でも授業の中休みの間、みんなの質問攻めに有った。
そして昼休み。
「柚希、俺が購買に行って来るから、お前はここで待って居ろ。今日は教室の外に出ない方がいい」
「亮、悪いな」
亮が教室から出て行った。詩織が直ぐに俺の側にやって来て
「柚希、明日からこれが落着くまで私お弁当作ってあげようか」
「流石に詩織にそこまではさせられない」
「構わないよ」
「ねえ、それなら私が作ってきてあげてもいいわよ。どうせ一つ作るも二つ作るも同じだから」
「いやいや渡辺さんに作って貰うのは悪いよ」
梨音がじっと俺の顔を見ている。その時亮が帰って来た。
「柚希、買って来たぞ。ここで食べるか」
「ああ」
クラスの皆は俺に興味津々の様だが、亮と食べ始めると
「柚希、私がお弁当作って来る」
「梨音、それは要らない。おまえ一人暮らしで大変だろう。俺に手間をかける必要はない」
「柚希、おまえ神崎さんと…」
「ああ、友達としてなら話していい事にした」
「「えっ?」」
詩織と渡辺さんが驚いた。なんでって顔をしている。
私、渡辺静香。不味いわ。山神君が神崎さんと何が有ったか知らないけど、彼女急に山神君に接近し始めている。

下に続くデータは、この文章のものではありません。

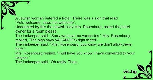 A Jewish woman entered a hotel. There was a sign that read:
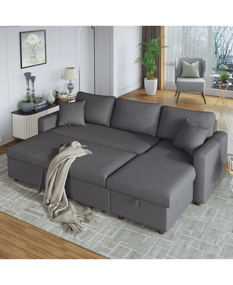 Streamdale Furniture Upholstery Sleeper Sectional Sofa With Storage Space, 2 Tossing Cushions
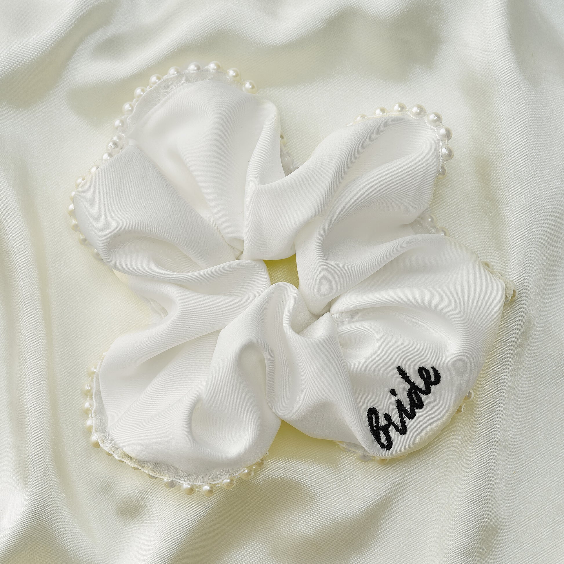 1 x "Bride" white satin scrunchie finished with a pearl edging at 13cm.
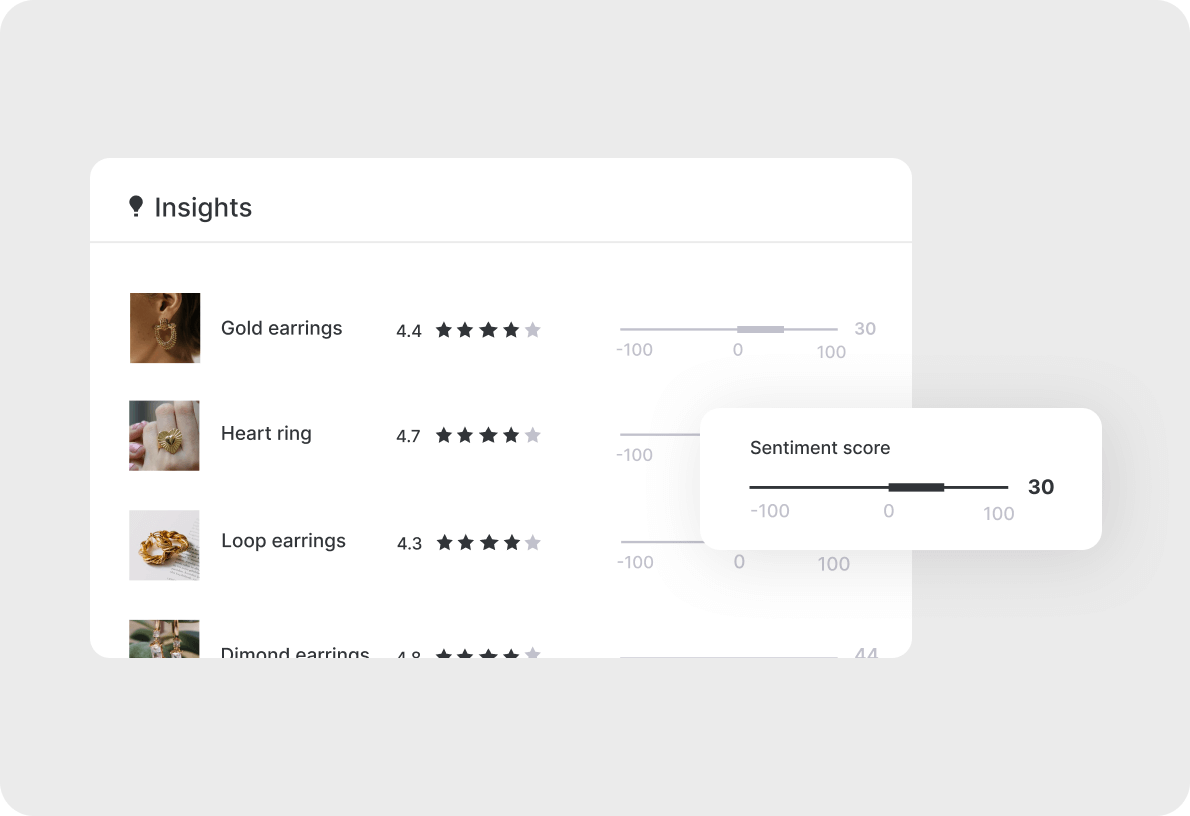 Automate summaries of product insights and customer sentiment for you and your team to stay on top of any changes impacting your store.
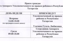 Запись на прием к Уполномоченному по правам ребенка в РТ осуществляется по телефону : (843) 236-61-64.
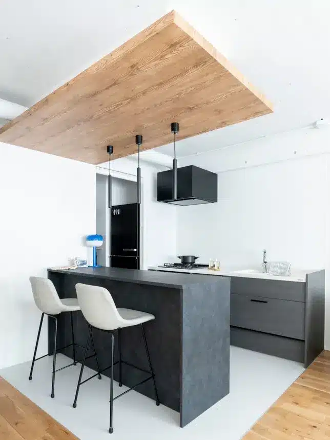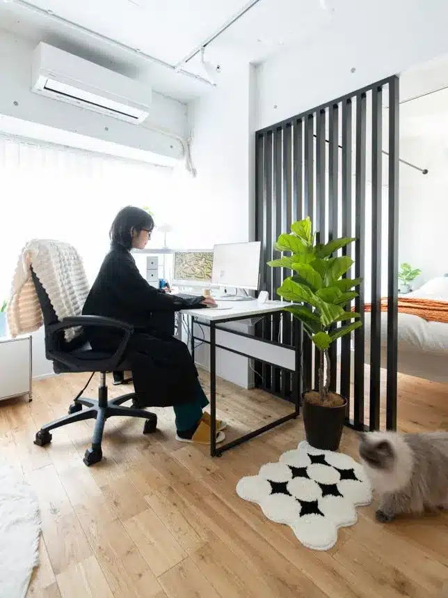 おうち時間の多くをPC作業に充てている施主様のための、ワークスペースを中心としたプラン。効率的なワンルームは、自由気ままに歩き回る猫ちゃんとの暮らしにもぴったり。キッチンの下がり天井や黒がアクセントのシンプルモダンな内装が、ビビッドな色の家具を引き立てます。
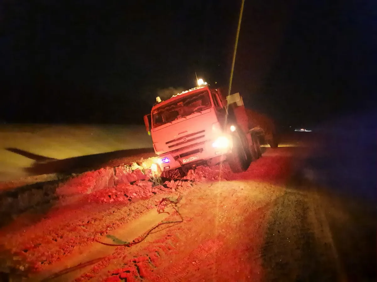 Спасатели на дорогах: сотрудники ГИБДД вытащили из сугроба КАМАЗ с прицепом
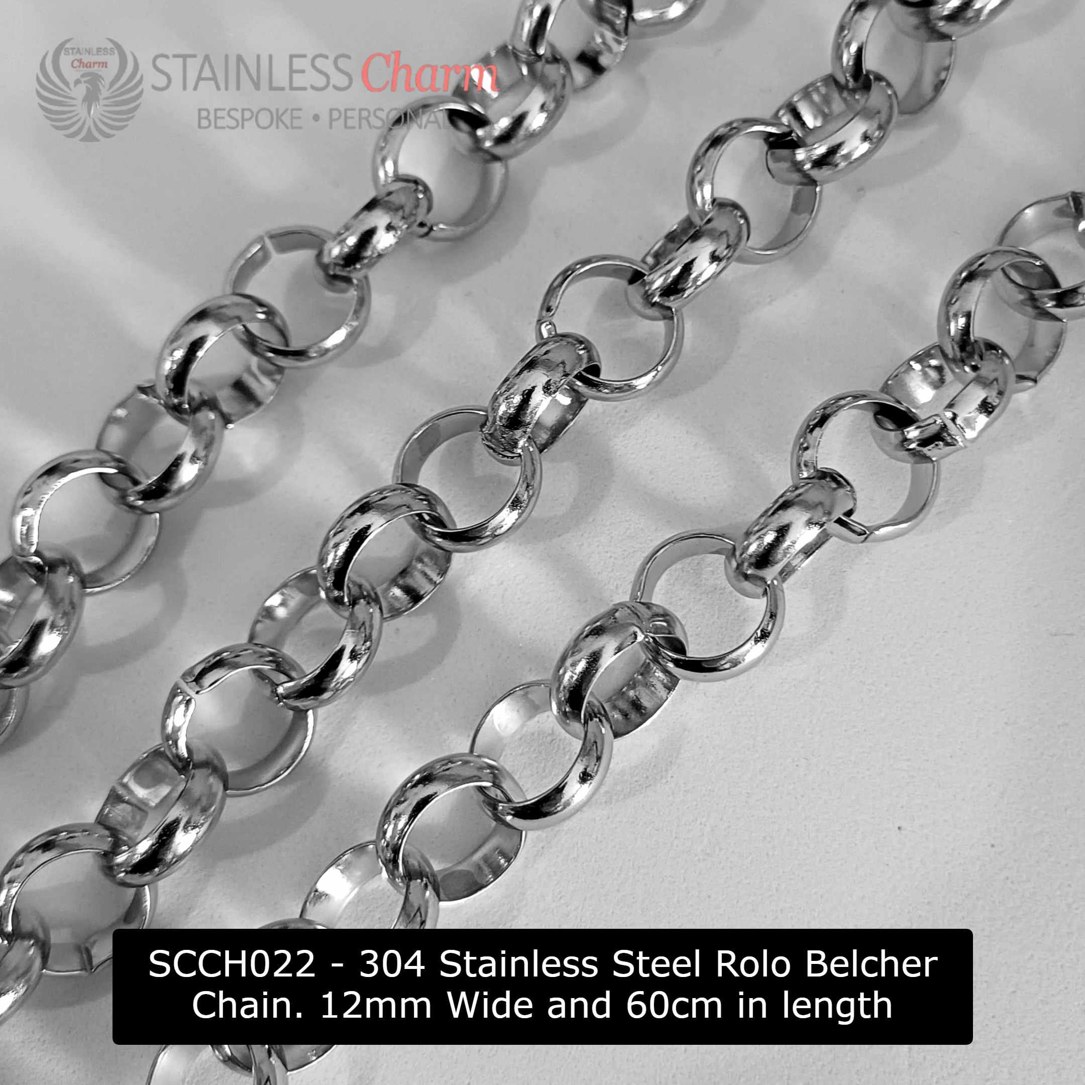 304 Stainless Steel Rolo Belcher Chain. 12mm Wide and 60cm in length
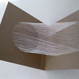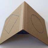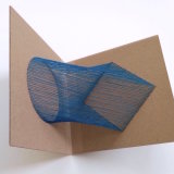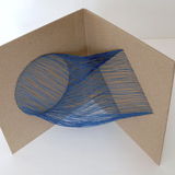 A square and a circle - both identical in size - are stitched into two pieces of cardboard. They form the jacket of a book. When opening this jacket, a threaded drawing unfolds that joins the two geometrical shapes, squaring the circle.
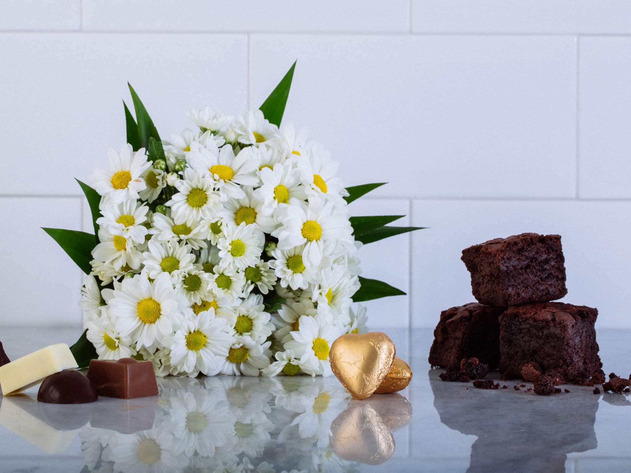 Cesta de Presente com Buquê de Margaridas e Chocolate. Composição cuidadosamente preparada pela Petalá com flores frescas selecionadas, embalagem premium e cartão personalizado. Entrega expressa para todo o Brasil.
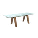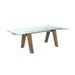 This premium contemporary dining table measures 35"x 63" with a solid 3/8" thick top and features two 16" pull-out extension leaves, allowing the table to open to a full-length of 95". The strong sawbuck design base affixed with solid wooden legs finishes the look with class.

設楽さんは、山神君と幼馴染で恋愛感情は無い様だから良いけど彼女は不味い。上坂先輩と多分校内一、二を争う程の容姿このまま進んだら…何となくだけど。
「そうか、柚希が神崎さんと話すと言うなら俺もそうするよ。でも…あとで教えろよ」
「ああ、後でな」
私、上坂瞳。昨日柚希と私が抱き着いている所や公園で歩いている所を誰かに撮られて夜校内ネットに投稿された。

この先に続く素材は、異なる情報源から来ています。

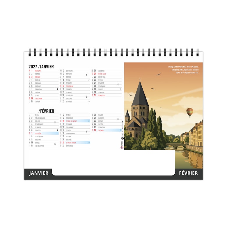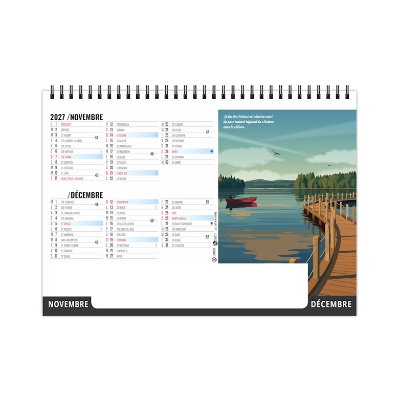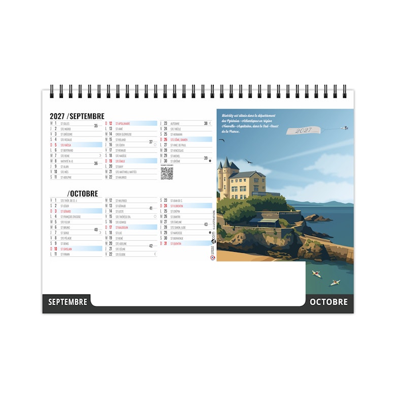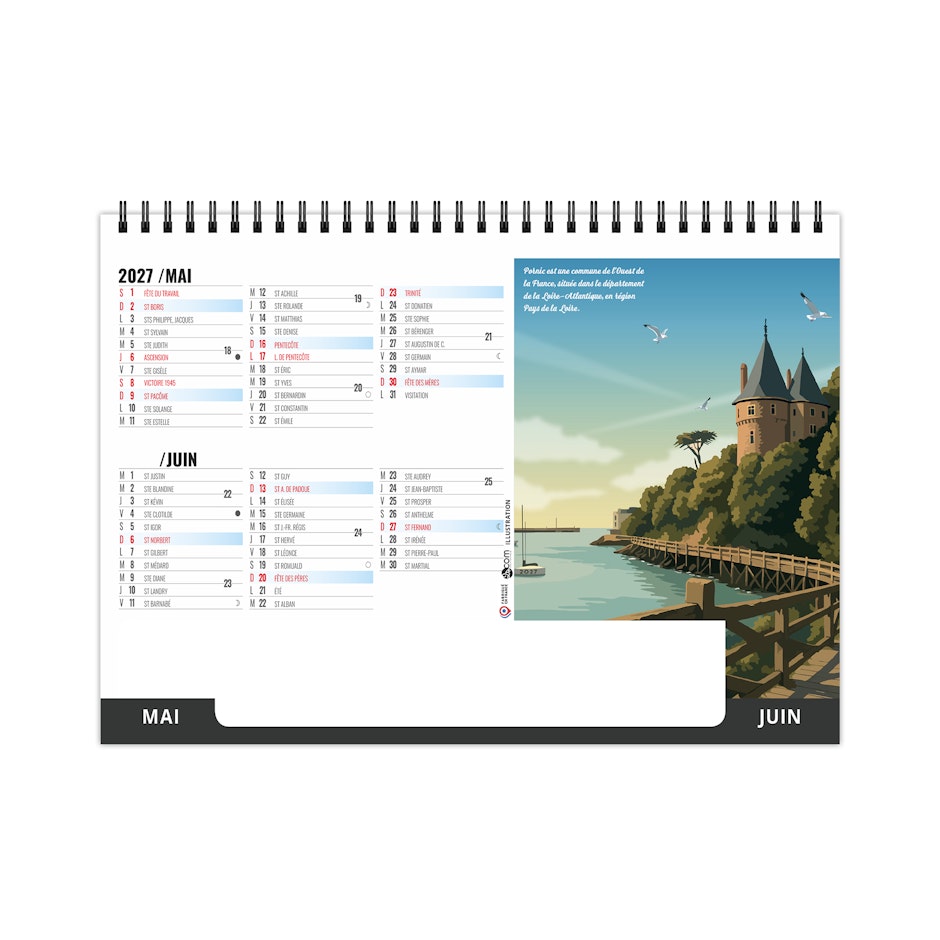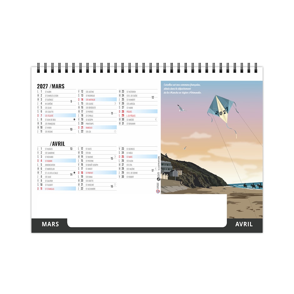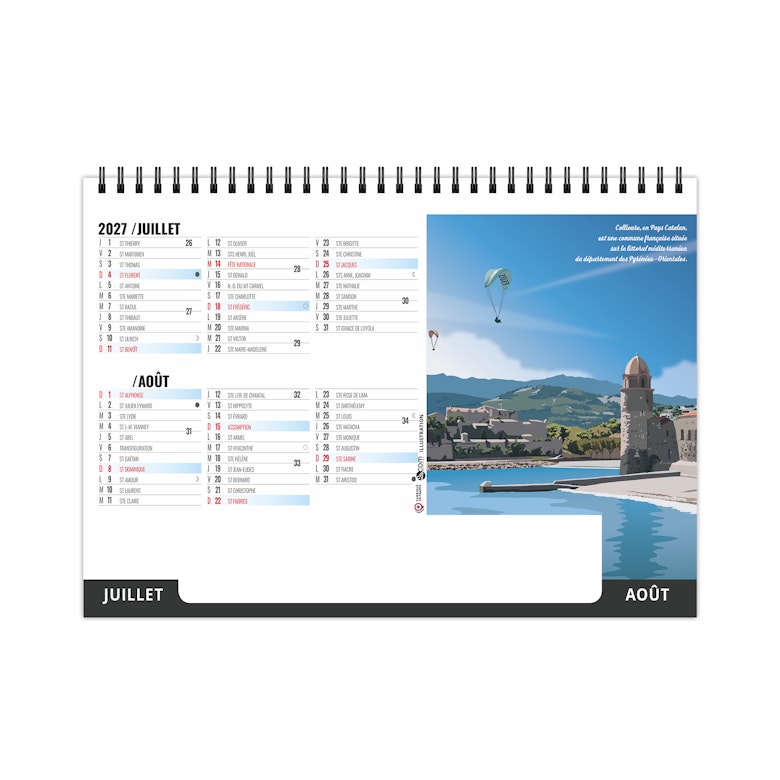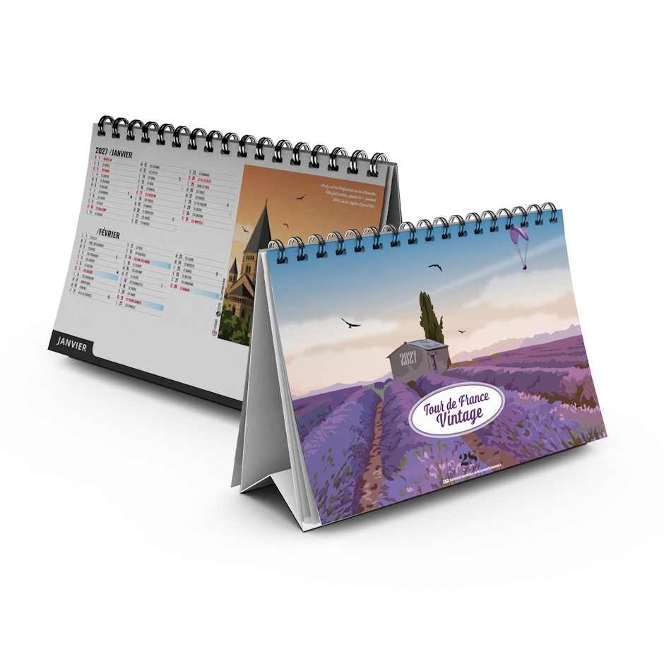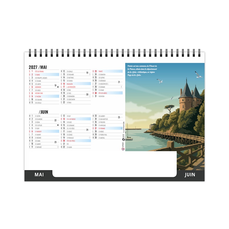 Chevalet de bureau illustré de 6 illustrations numériques de Solène Suteau 2SCOM. Véritable tour de France des meilleurs spots pour les vacances, ce calendrier est à vocation touristique pour tous les lieux touristiques de France.

案の定、教室に入ってからクラスの子達に質問攻めに有ったが、まだ友達だからという事で逃げた。
柚希の姉の山神さんからは弟が迷惑掛からない様にしてねとちょっときつく言われた。
まさか、彼と会っている所を校内ネットに投稿されるなんて思いもよらなかった。私は告白される事も多いが全て断っている。男子何か興味ないという感じで。それだけにこの情報は不味い。なんとかしないと。
とにかく彼と連絡取りたいが、今は学校の中。放課後まで待つしかない。
でも…。良く考えるとこれは好機かも。彼と校内でもおおっぴらに会う事が出来る。ならばこの状況を逆手に取って…。でもまだ付き合っている訳でも無いし、彼に恋心…ないなあ、どうしようかな。
まあ、とにかくこのままでは変な方向に話が進む可能性が高い、ここは彼とは友達として付き合っているという体で行くしかないか。
―――――
柚希と瞳大変な事になっています。